Nanexa receives clinical trial approval for NEX-18
Nanexa AB (publ) today announced that the company has received permission to start the clinical trial for the drug candidate NEX-18 by the Swedish Medical Products Agency, Läkemedelsverket.
“This is a major and important milestone for Nanexa as it is the first clinical study with a drug based on PharmaShell®. The approval means that we can now start the NEX-18 study according to the set schedule. It is also a validation of quality that shows that we have done the right things on our way to becoming a real pharmaceutical company," said David Westberg, CEO of Nanexa.

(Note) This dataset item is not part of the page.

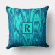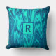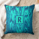 Teal Blue Green Abstract Monogram Initial Cotton Cushion
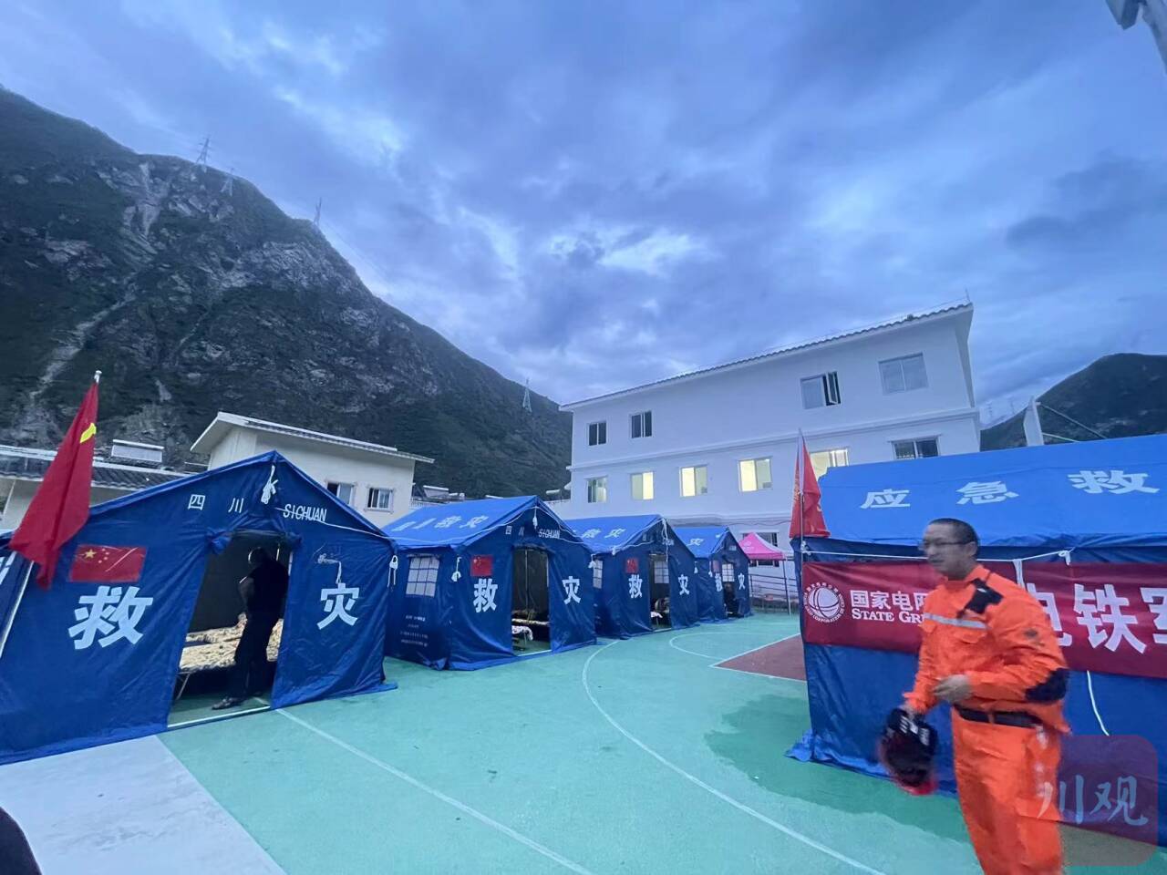 8月3日20时许,记者在康定市姑咱镇郎鼓村临时安置点看到,工作人员正在安装应急救援床,多顶救灾帐篷已经搭建了起来,帐篷内灯火通明,有被褥和折叠床等物资。村民已吃完晚饭,开始休息。

The NEX-18 product is being developed to improve the treatment of MDS (Myelodysplastic Syndrome), a form of leukemia that mainly affects the elderly. This is done by utilizing the unique properties of PharmShell® to create a depot formulation with controlled release. In today's treatment, injections are given in hospitals seven days in a row every month and the goal of the NEX-18 project is to simplify the treatment by only having to give one injection. In addition to greatly simplifying for patients, the company expects that NEX-18 will also reduce the costs associated with current treatment. The study, which is a so-called PK study (phase I), will be conducted at Karolinska University Hospital in Stockholm and Akademiska Sjukhuset in Uppsala.
“With the approval we will now intensify the preparations at the clinics so recruitment of patients can start as soon as possible. The inclusion of elderly, fragile leukemia patients may be more difficult than normal during the pandemic, but with two clinics involved, we minimize that risk. We expect to complete the study in the third quarter of next year,” said David Westberg.